EXCLUSIVE: Gaumont, the French production company behind Netflix shows Narcos and F Is For Family, is in the early stages of adapting Gaston Leroux’s iconic novel The Phantom Of The Opera into a six-part TV miniseries.
The project is being led out of Gaumont’s UK unit, which is working with writer Anthony Horowitz to reimagine Leroux’s gothic story about a disfigured composer, who lives in the depths of the Paris Opera House and falls for singer Christine Daae with tragic consequences.
Deadline understands that the 1910 novel, rather than Andrew Lloyd Webber’s smash-hit musical, will form the backbone of Horowitz’s adaptation, in much the same way that Andrew Davies relied on Victor Hugo’s book to bring Les Misérables to the screen for the BBC and PBS in 2018.
Gaumont declined to comment on the project, but it is another sign of progress being made by UK chief Alison Jackson after the division announced last week that it has optioned historian Julie Summers’ biography on wartime Vogue editor Audrey Withers. Gaumont UK also co-produces Sky’s Tim Roth drama Tin Star.

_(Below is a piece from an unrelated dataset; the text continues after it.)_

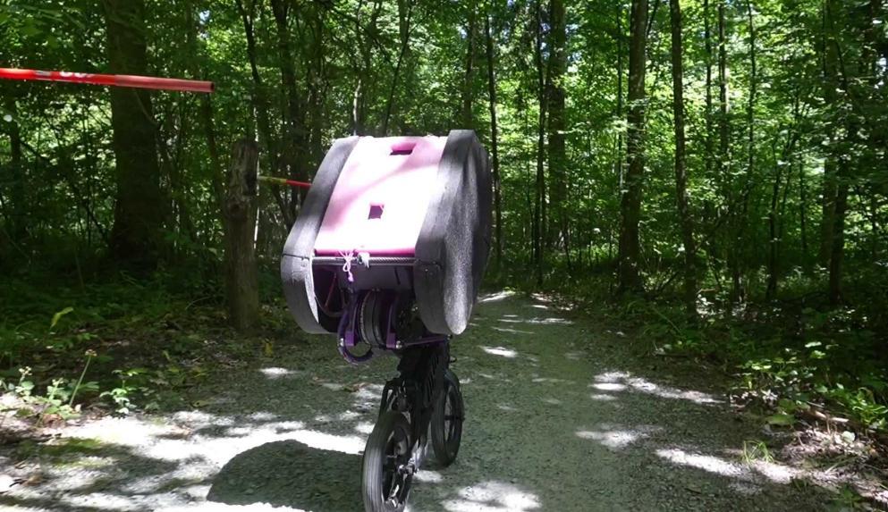 研究人員給它設定的目標非常明確:既要像自行車一樣高效省力,又要像腿足機器人一樣靈活便捷。傳統的腿足機器人雖然有十幾條甚至更多的活動關節,能夠跨過各種障礙,但是結構複雜、造價昂貴、耗電驚人。而普通自行車雖然簡單輕便,但是遇到臺階只能繞道。UMV 則試圖使用最簡答的結構,同時解決這兩個問題。

Horowitz is fresh from executive producing a Sony-funded adaptation of his Alex Rider novels, which Deadline revealed last week is set for a second season. The Foyles War and Collision writer is also working with Eleventh Hour Films to adapt his novel Magpie Murders, a whodunit about a writer who is murdered while penning a whodunit.
The Phantom Of The Opera has been adapted for the screen a number of times. It was the inspiration for a 1925 silent movie, while in 2004, there was a lavish reimagining of Lloyd Webber’s musical by Joel Schumacher, who died this week at the age of 80. The latter starred Gerard Butler as the Phantom and was nominated for three Oscars.
The Phantom Of The Opera is billed as one of the most successful musicals of all time and has scooped nine Olivier and Tony Awards after debuting in the West End and Broadway in the 1980s. The show will not reopen at the West End’s Her Majesty’s Theatre until 2021 as a result of the coronavirus pandemic, but it is back in production in South Korea.